# Task statement
From the line with "にじるーむさんは、在園児といっしょに園庭でやきいも体験をしました!" through the line with "- The Plan ID.", inclusive, return each line of the data below exactly and leave the rest out.

# Material for this task
------------------------------------------------------------------------

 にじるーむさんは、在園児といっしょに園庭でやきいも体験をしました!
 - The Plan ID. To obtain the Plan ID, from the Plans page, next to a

------------------------------------------------------------------------

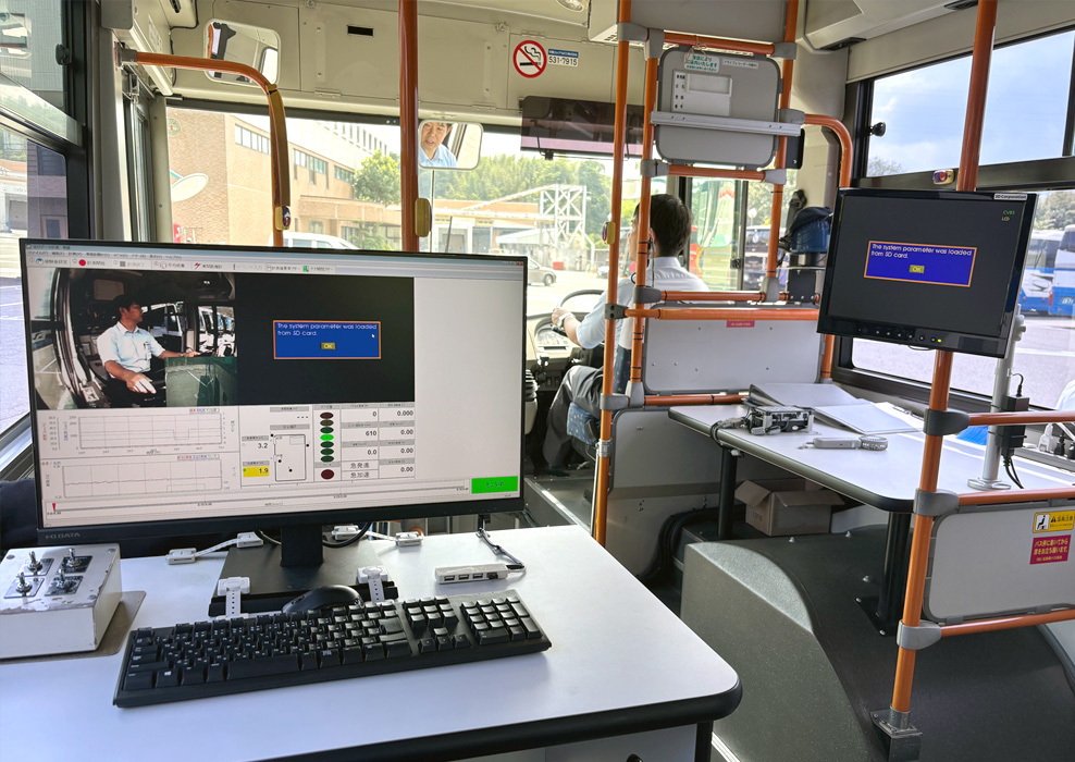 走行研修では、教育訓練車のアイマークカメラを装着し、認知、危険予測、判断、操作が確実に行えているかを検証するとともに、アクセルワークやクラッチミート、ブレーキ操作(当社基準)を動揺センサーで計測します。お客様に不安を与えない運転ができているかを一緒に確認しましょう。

------------------------------------------------------------------------

# Output
 にじるーむさんは、在園児といっしょに園庭でやきいも体験をしました!
 - The Plan ID. To obtain the Plan ID, from the Plans page, next to a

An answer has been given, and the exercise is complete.